Bump it back up to the top to try to get more input: 

I'm also using an 8X lens in my FS Compound. I made immediate improved scores and group size the day I switched up in power. My muscle control in steadying improved significantly over the following year. I can't help but believe that a little more magnification with equal clarity could result in improvement. 

Correct me if I'm wrong; 
I understand that a small 10X lens can be machined into the center of a 4X or 6X lens, so you can better find your target inside the scope ring.

Isn't there anyone else out there who has tried or continues to use a 10X lens?


----------



## ss315 (Apr 22, 2015)

Kyudo Novice said:


> Bump it back up to the top to try to get more input:
> 
> I'm also using an 8X lens in my FS Compound. I made immediate improved scores and group size the day I switched up in power. My muscle control in steadying improved significantly over the following year. I can't help but believe that a little more magnification with equal clarity could result in improvement.
> 
> ...


I had a 10x made. Using #3 Clarifier I could not make out the target face. It was a stretch with 8x for me to get a clear picture. I got a 7x which seems the highest I can go to still get a good clear picture. 

I have all slider sights and by moving the sight in and out I couldn't get it work for me. 
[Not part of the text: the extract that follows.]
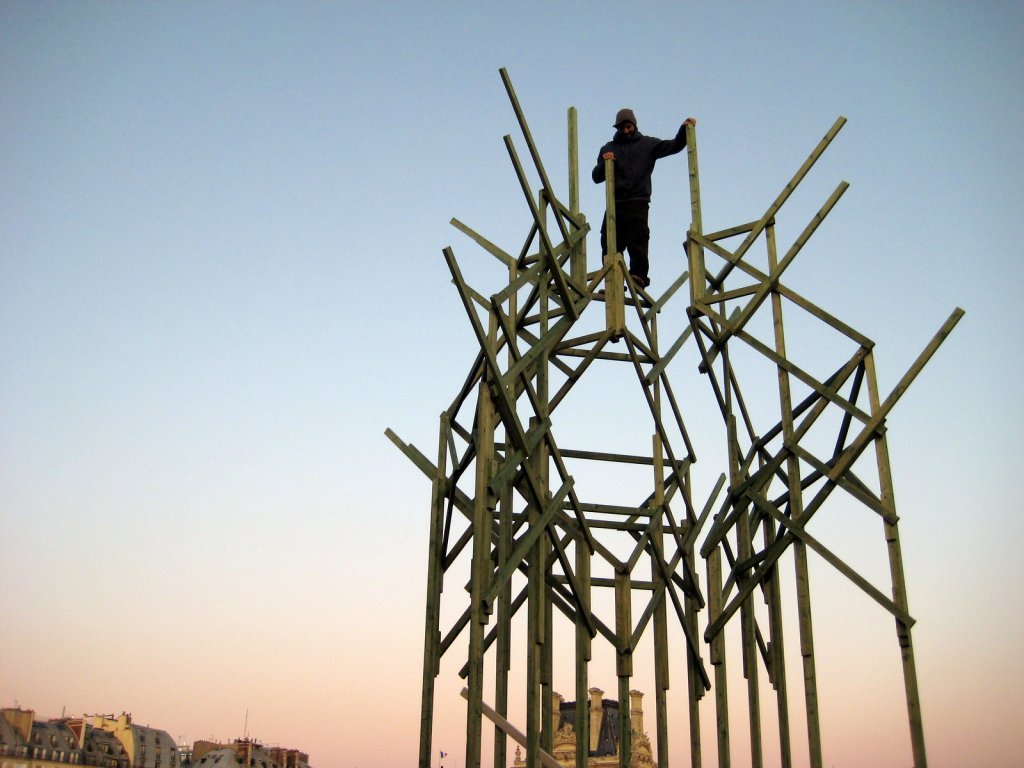 For FIAC 2009, We have created an elevated wooden structure where Laurent Tixador have lived for the duration of the exhibition. The structure was moving as he moved, much like the worms that live in the Mexican jumping beans.

I don't wear glasses so let's say I have good vision. 

I called specialty archery to see if they had #4 clarifier but said demand was way too low so they never made one. 

I connected with an optometrist that is a bow hunter and had never used lens so I'm meeting up with him with my gear to see if can get my 10x to work for me. 

Keep you posted. 




Sent from my iPhone using Tapatalk


----------



## aread (Dec 25, 2009)

I shot a 10X for a couple of years and thought I was shooting OK. A friend talked me into trying a 6X and I realized that with the 10X I was tensing up more than I realized. Movement is much easier to see and I was subconsciously trying to force the pin on the X. This led to drive by punching, and good scores in practice, but horrible scores in competition. 

My improvement with 6X has been so significant that I plan to go to 4X this indoor season.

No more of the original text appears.